Stored dataset items:
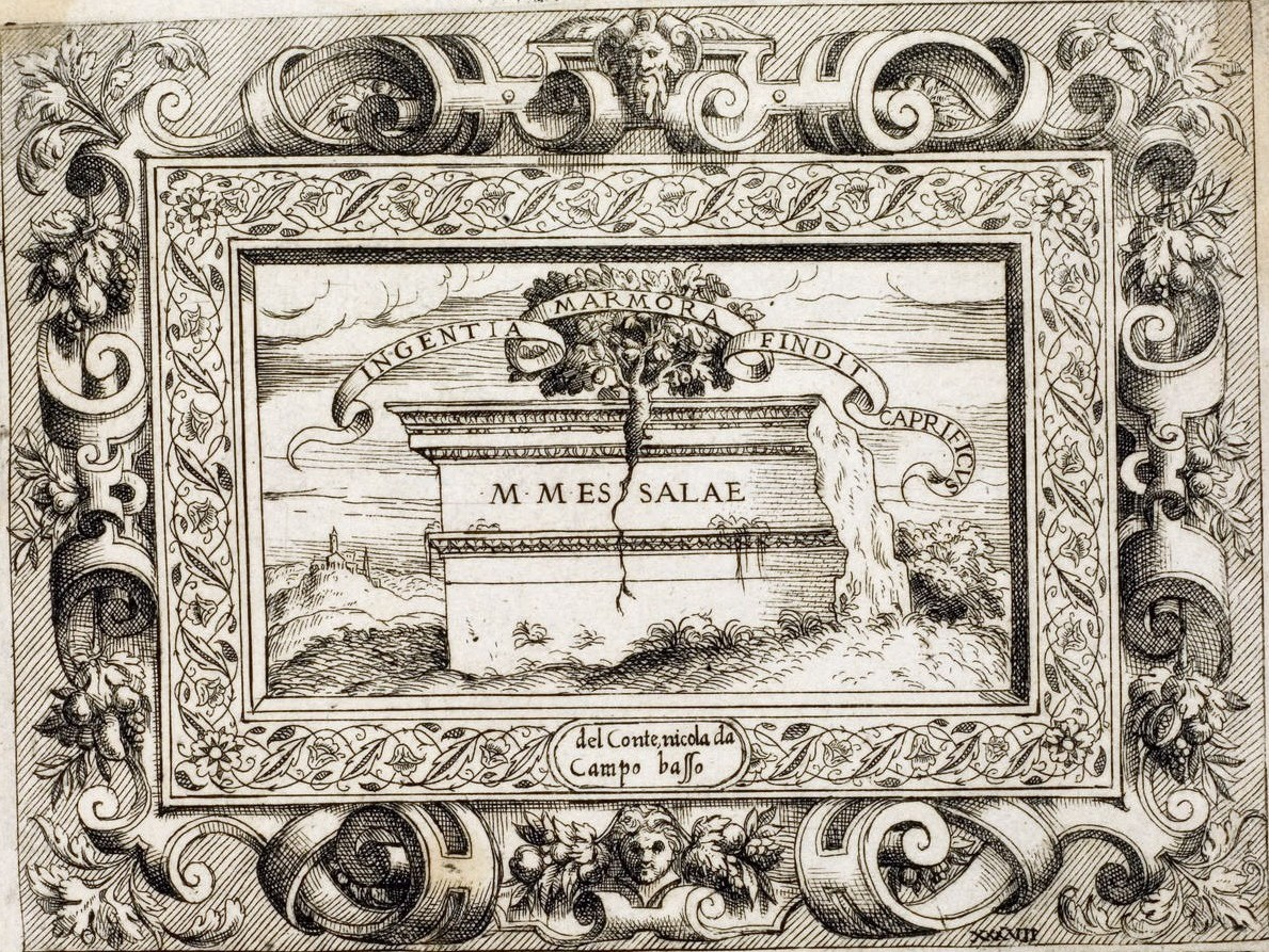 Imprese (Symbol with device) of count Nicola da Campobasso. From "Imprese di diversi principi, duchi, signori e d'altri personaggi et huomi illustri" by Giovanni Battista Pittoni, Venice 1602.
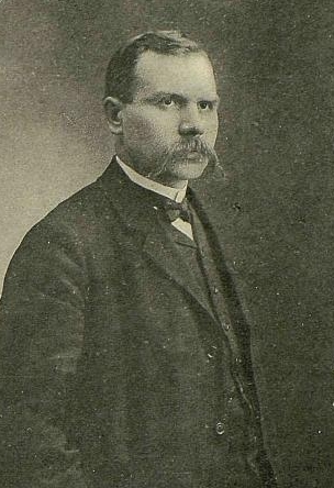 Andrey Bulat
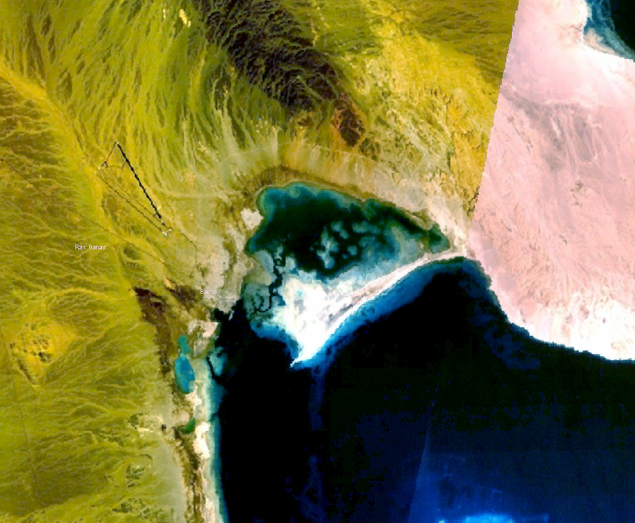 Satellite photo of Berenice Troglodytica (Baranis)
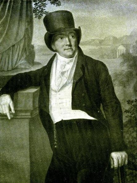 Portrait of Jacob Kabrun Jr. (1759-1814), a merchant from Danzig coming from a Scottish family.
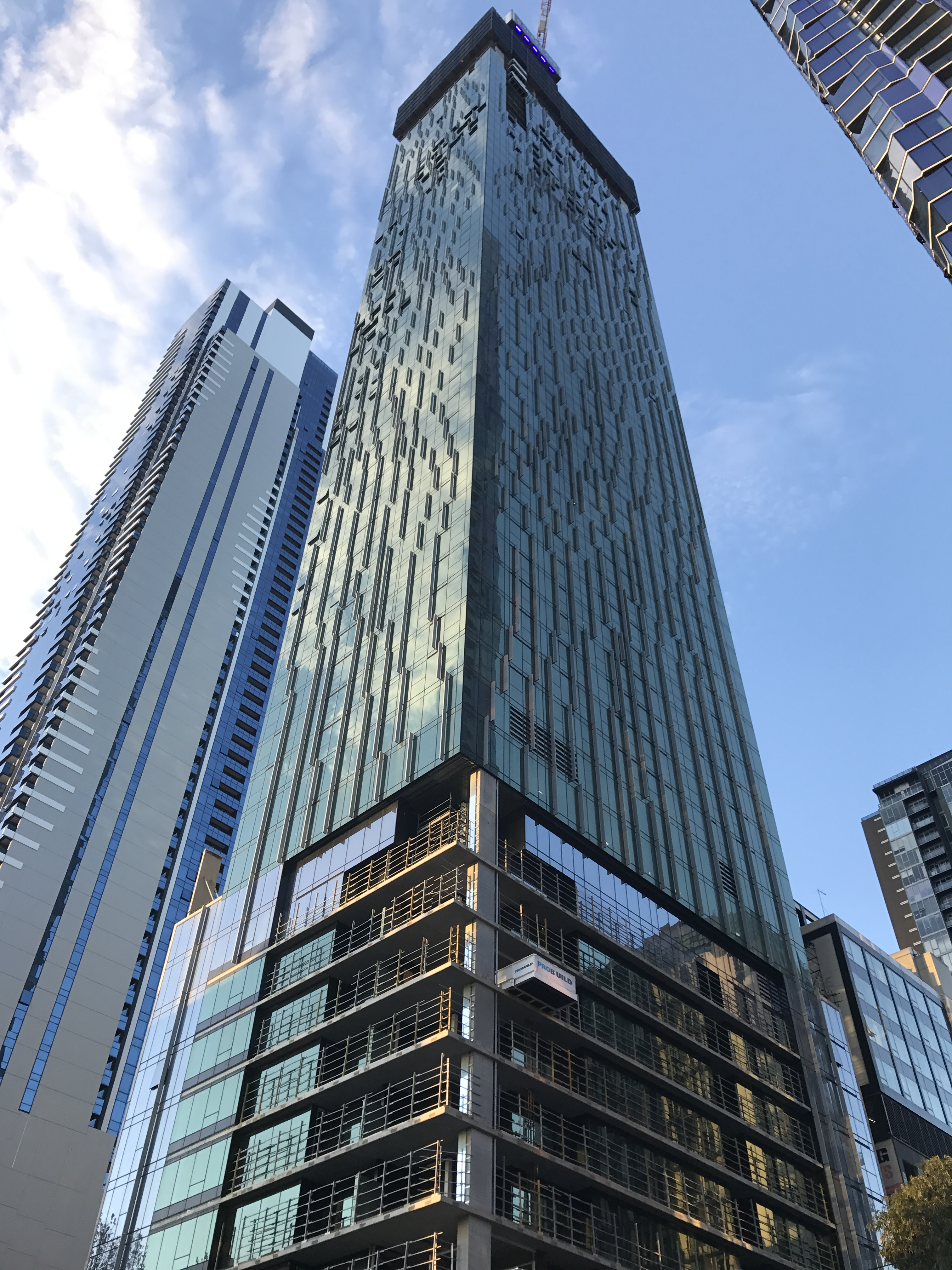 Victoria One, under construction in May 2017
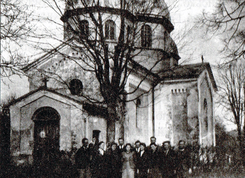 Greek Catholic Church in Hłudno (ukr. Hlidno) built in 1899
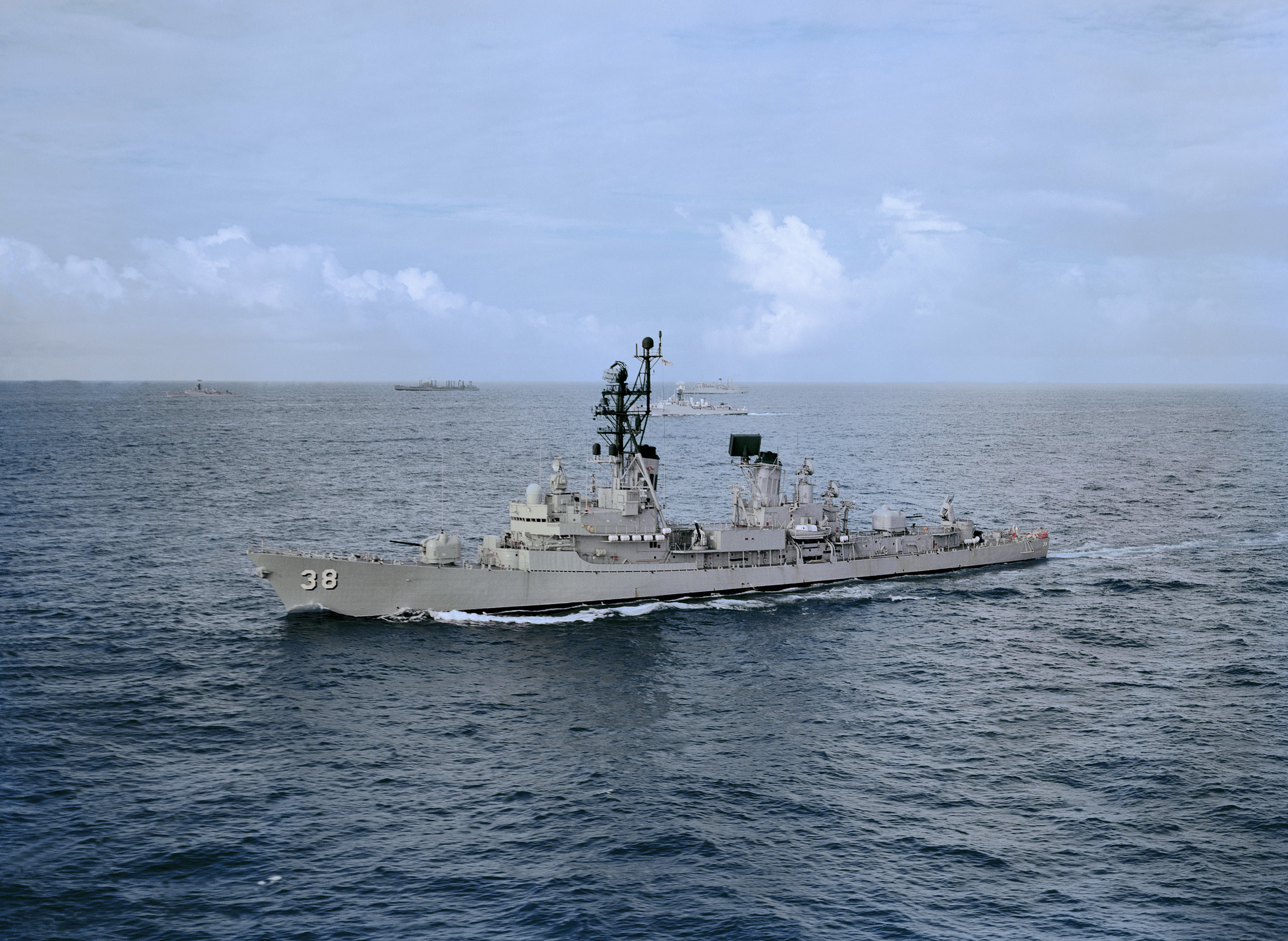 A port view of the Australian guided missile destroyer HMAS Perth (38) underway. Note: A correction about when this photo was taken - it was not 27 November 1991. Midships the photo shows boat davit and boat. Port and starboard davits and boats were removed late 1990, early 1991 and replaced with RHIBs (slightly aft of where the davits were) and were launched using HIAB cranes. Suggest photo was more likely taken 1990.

What you need to do
Restate the data word for word, minus any images.

Expected answer
 Imprese (Symbol with device) of count Nicola da Campobasso. From "Imprese di diversi principi, duchi, signori e d'altri personaggi et huomi illustri" by Giovanni Battista Pittoni, Venice 1602.
 Andrey Bulat
 Satellite photo of Berenice Troglodytica (Baranis)
 Portrait of Jacob Kabrun Jr. (1759-1814), a merchant from Danzig coming from a Scottish family.
 Victoria One, under construction in May 2017
 Greek Catholic Church in Hłudno (ukr. Hlidno) built in 1899
 A port view of the Australian guided missile destroyer HMAS Perth (38) underway. Note: A correction about when this photo was taken - it was not 27 November 1991. Midships the photo shows boat davit and boat. Port and starboard davits and boats were removed late 1990, early 1991 and replaced with RHIBs (slightly aft of where the davits were) and were launched using HIAB cranes. Suggest photo was more likely taken 1990.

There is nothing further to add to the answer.